In the end, nobody could label me or tell me what was wrong. It was nameless, existing only in dingy shadows. I had appointment after appointment that my mum would drive me to and from, trying so hard to not ask me questions or antagonise me in any way, which, of course, she did all the time. The final assessment I had before starting psychotherapy and coming off the medication that made me sleep about 18 hours a day was with a psychiatrist who looked about my age.

I had stopped going to school by then. Most days I just cried in bed, or slept, or scrolled through TikTok looking at other girls who were also mentally unwell. A lot of people posted from psychiatric hospitals.

“I didn’t have a single friend who was self-harming,” Mum told me. “Not in that way. Not when I was at school.” It’s not that mental health wasn’t a problem. They had eating disorders and depression and anxiety, but not to the extent that young people do now, not by a long, long way. Self-harm was not a thing.

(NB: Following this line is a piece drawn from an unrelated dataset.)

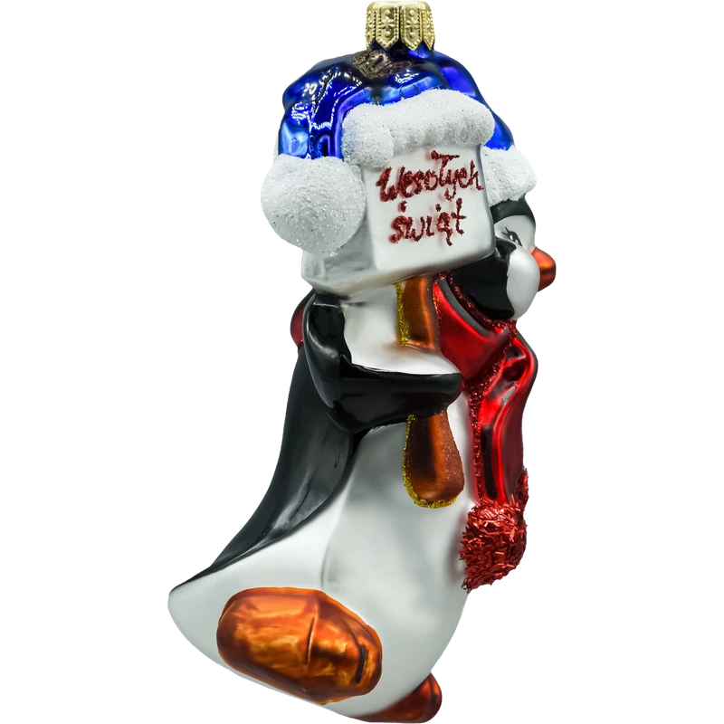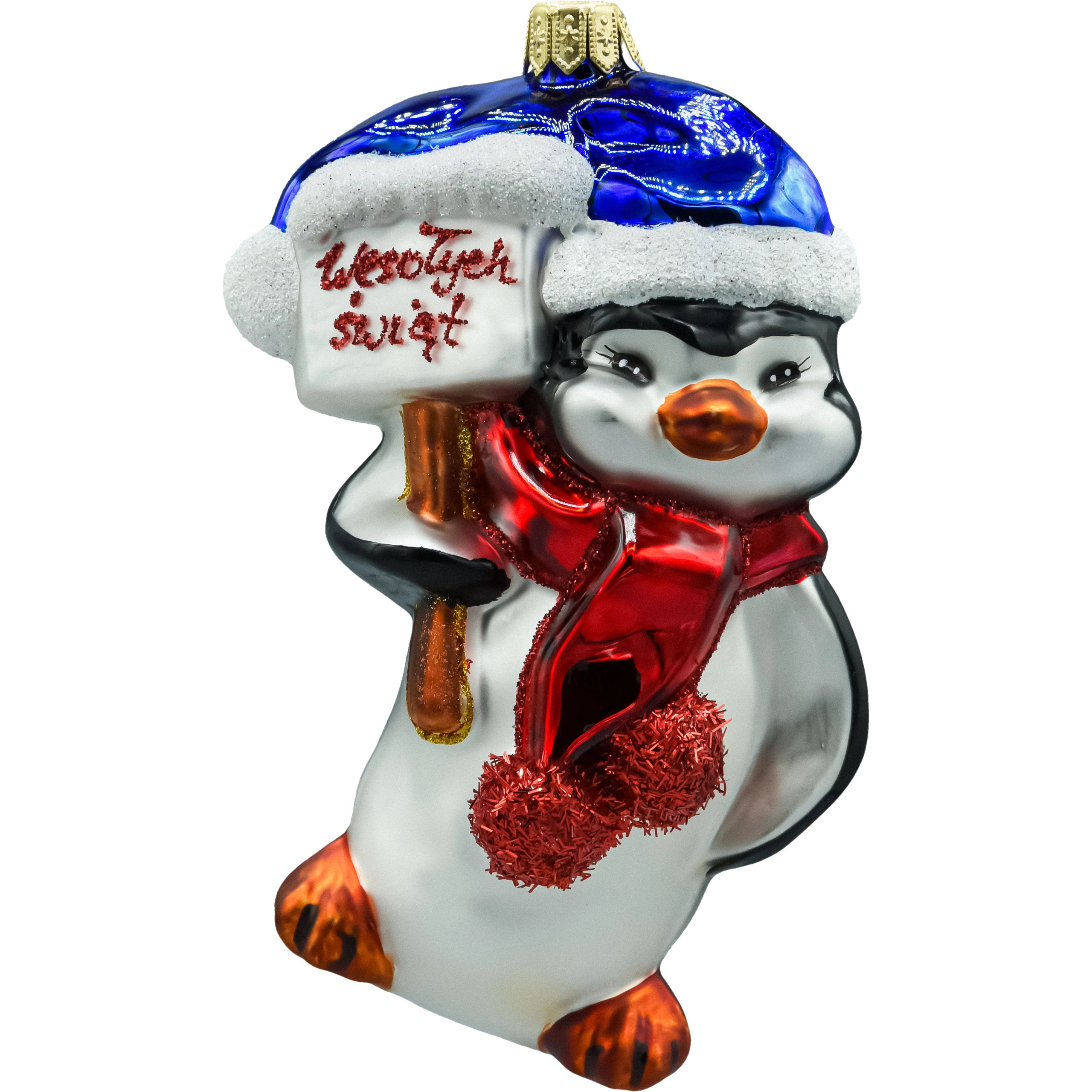 „Pingwin z tabliczką – Wesołych Świąt” to szklana, ręcznie malowana bombka choinkowa z granatową czapką, czerwonym szalikiem i brokatowym napisem. Urocza ozdoba choinkowa dla całej rodziny, która wnosi na drzewko dużo koloru i zimowego humoru.

That fact astonished me. I knew tons of girls who started cutting their arms at 12 years old. Tons. I was tempted at that age, but something stopped me, despite wanting to experience the relief it seemed to offer them. But then I was the oldest in my friend group to get a smartphone. I don’t think that is a coincidence. My mum refused to give me access to a phone and social media until I was 14. Even then, at first, she monitored my phone – the condition of having one was that at any random moment she’d do a “phone check” and I would hand the phone over to her without question. She’d check that there wasn’t anything dangerous.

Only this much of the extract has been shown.